The administration also will seek more grant money for programs that allow local communities to hire more police officers and firefighters.
.The efforts are particularly geared to those veterans who served after the 9/11 terrorist attacks, a group experiencing an unemployment rate of 13.1 percent versus 8.1 percent for non-veterans.
Interior Secretary Ken Salazar said the Civilian Conservation Corps that operated during the 1930s could be viewed as a model for what the administration will try to accomplish through its “Veterans Jobs Corps.” He said that the administration will propose spending $1 billion that would be used to put an estimated 20,000 veterans to work restoring habitat and eradicating invasive species, among other activities.

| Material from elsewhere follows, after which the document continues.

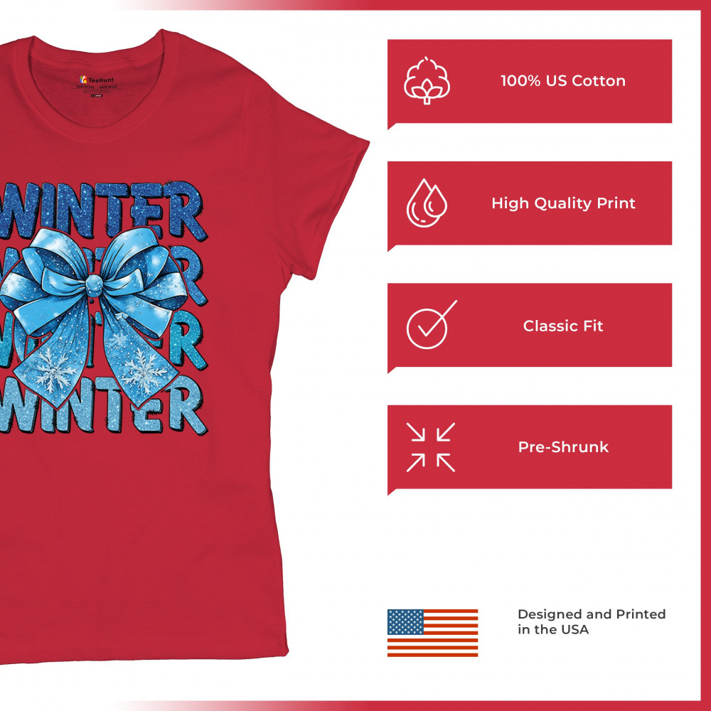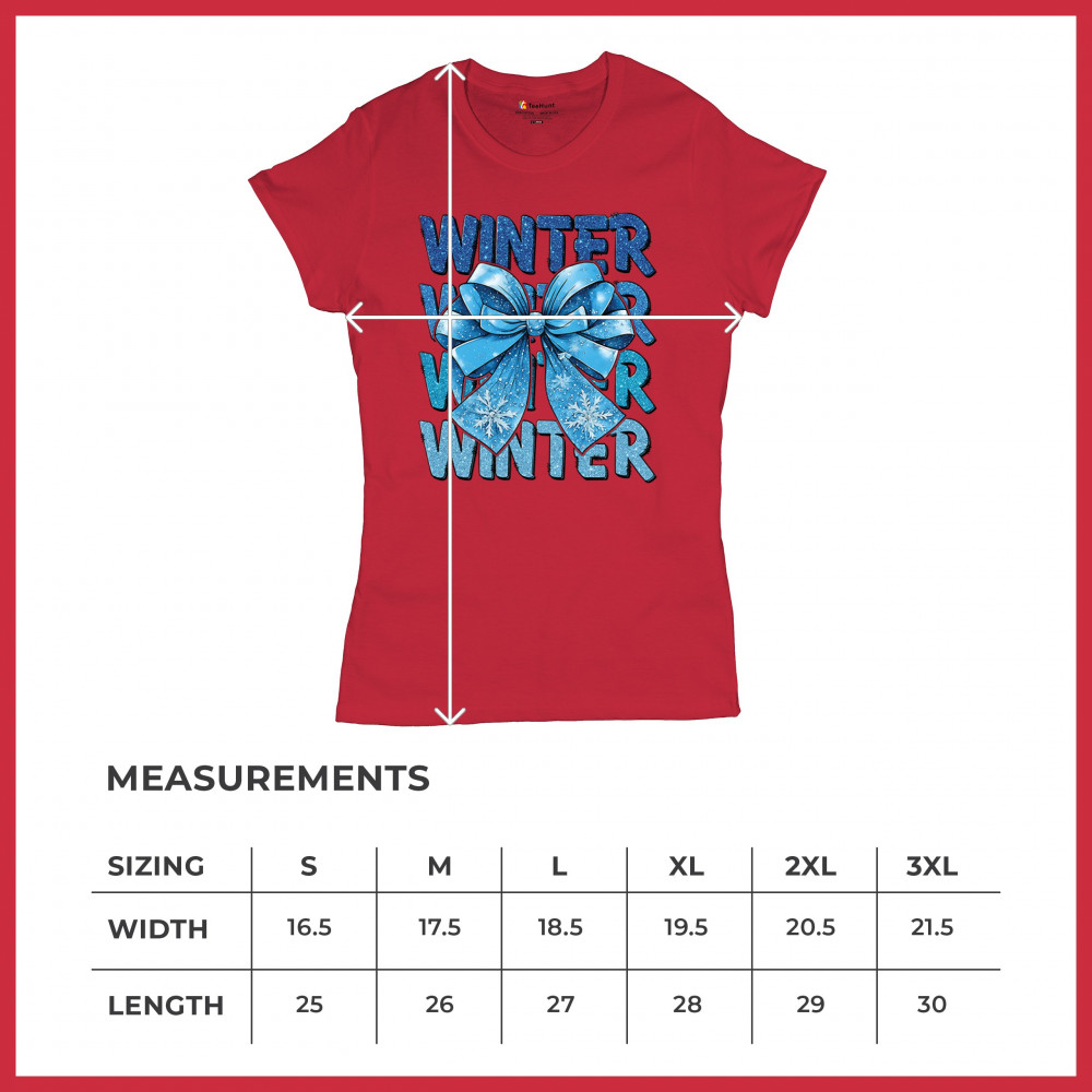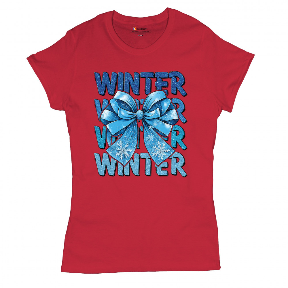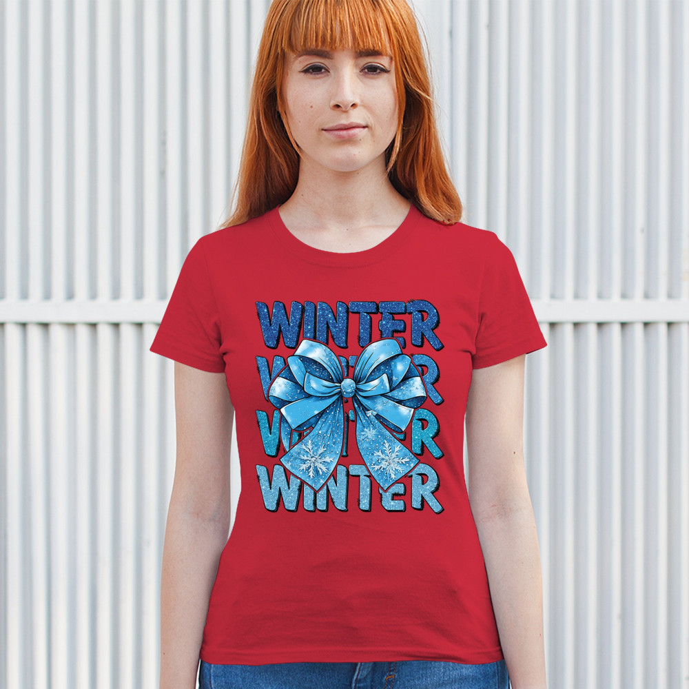 This shimmering winter bow design blends icy blue glitter style with bold repeating WINTER text for a bright seasonal statement. Snowflake accents and frosty tones create a cozy, cheerful vibe perfect for holiday outfits, gifting, or cold-weather lovers. A standout graphic that brings festive winter charm to any wardrobe and boosts seasonal search visibility.

“When one looks back at the legacy of the Civilian Conservation Corps, we take great comfort that those who take on these kinds of activities will leave a lasting legacy for the United States,” Salazar said.
The backdrop of presidential politics is also playing a role in the Obama administration’s new efforts. Several states that will be heavily contested in November have a significant military presence. Veterans will be evaluating specific ways the next White House administration intends to help them.
Administration officials said the initiatives are focused on helping veterans who served in Iraq and Afghanistan. Communities that hire veterans to work as police and firefighters will be given preference in the grants competition. Obama will also seek to increase spending for the grants programs. He will propose an additional $4 billion for the Community Oriented Policing Services program, or COPS. He will propose an additional $1 billion for the firefighter grants.
The administration will also propose a training program designed to help veterans wanting to start their own small businesses.
With GOP lawmakers stressing the need to cut government spending, it remains to be seen how far the proposals will make it in a deeply divided Congress. Many conservatives have in the past voted to cut spending for the COPS program, while Obama is calling for a major expansion. Obama is expected to unveil his proposals Friday at an Arlington, Va., fire station that was one of the first to respond to the attack on the Pentagon on Sept. 11, 2001. Administration officials outlined the proposals in advance of his speech.
Congress also has been focusing on the problem of unemployment among veterans. A House subcommittee on Thursday examined the unemployment rate for those who serve in the National Guard or Reserves. Witnesses estimated that about 1 out of every 5 returning guardsmen is unemployed.
Theodore Daywalt, CEO and president of a jobs board called VetJobs, told lawmakers that veterans who totally separate from the military are for the most part finding work, even in today’s economic environment.
“But if a veteran remains active in the National Guard, they are having a difficult time finding meaningful employment due to the constant call-ups and deployment schedules,” Daywalt said in his written testimony.
Daywalt said some employers have become wary of hiring someone who is called up for as many as 24 months at a time. And the difficulty in finding work has led some guardsmen to volunteer for second or third deployments. He also predicted that the unemployment problem for guardsmen and reservists could get worse as the military downsizes because it will result in more competition when openings do occur.
About 160,000 soldiers leave active duty annually, and some 95,000 members of the National Guard and Reserves join them. The Labor Department already operates some jobs programs to help soldiers with the transition to civilian life. For example, there are employee workshops that help vets with advice on job searches and labor market conditions. The department also provides grants to states that in turn hire workers to conduct job training workshops and reach out to employers on behalf of vets.